The data sources listed in this guide (and all the ones to which Harvard Library subscribe) generally describe the data they contain as being summery or micro or codebooks. If these words are unfamiliar to you, here are some data definitions:

  • Summary-Level Data: Summary-level data are published data points in either print or electronic format. You would use summary-level data if you were looking for a quick statistic such as the unemployment rate for the current month or if you wanted to see a table of statistics, such as GDP for various countries during a specific time period.
  • Micro-Level Data: Micro-level data files are the numerically-coded results of individual responses to such files as the census questionnaires, public opinion surveys, etc. You have much more flexibility to work with the data and run statistical analyses on the extracted data. The data are in an unanalyzed, raw format of columns and rows, usually in ASCII format but not always. Some raw data files are accompanied by files in SPSS, SAS or other statistical software format for easier use in these packages.
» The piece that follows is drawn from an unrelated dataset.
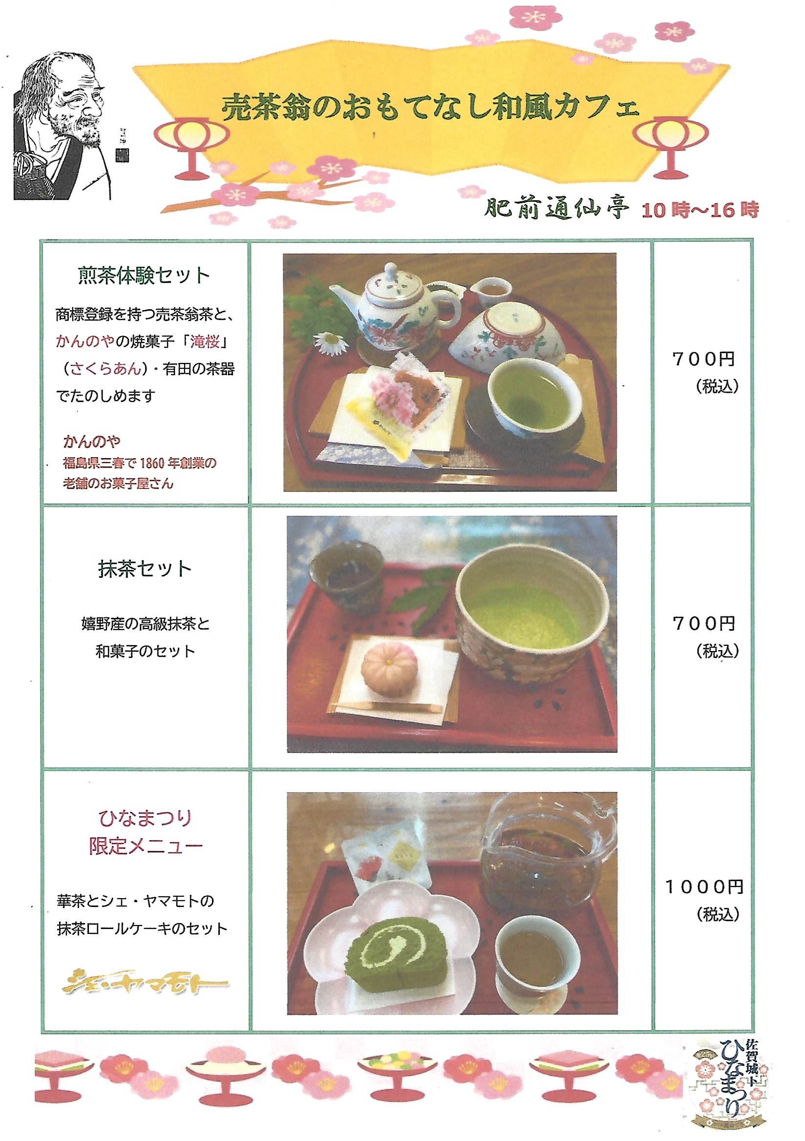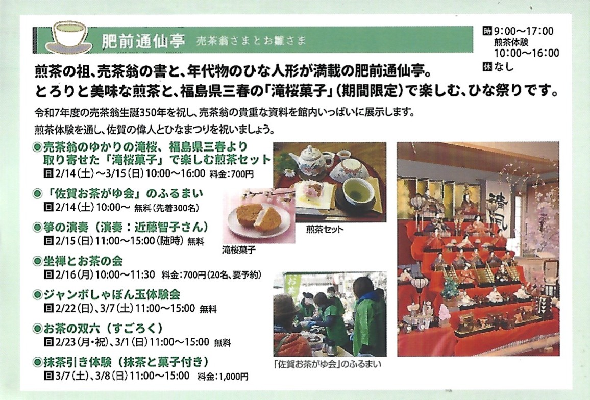 立春を過ぎ、今年も「佐賀城下ひなまつり」の季節がやってきました。今年は2月14日(土)からスタートです。 肥前通仙亭でも、数々のイベントを企画しています。(詳細は別添の資料をご覧ください) 売茶翁に関する貴重な資料の展示や、江戸時代末期の古いお雛さまをご覧いただけます。お煎茶体験セットは福島県三春より取り寄せた「滝桜菓子」でお楽しみいただけます。ぜひお出かけください。

If you are working with only the raw data, you must consult the data documentation (codebook) and write a small program or use an extraction program to have the computer "read" in the data into a useable format.
  • Data Documentation/Codebooks: Codebooks provide information on the structure, content, and layout of a data file and the questionnaire, if any, used for the survey or study. Many codebooks are available electronically with the data file.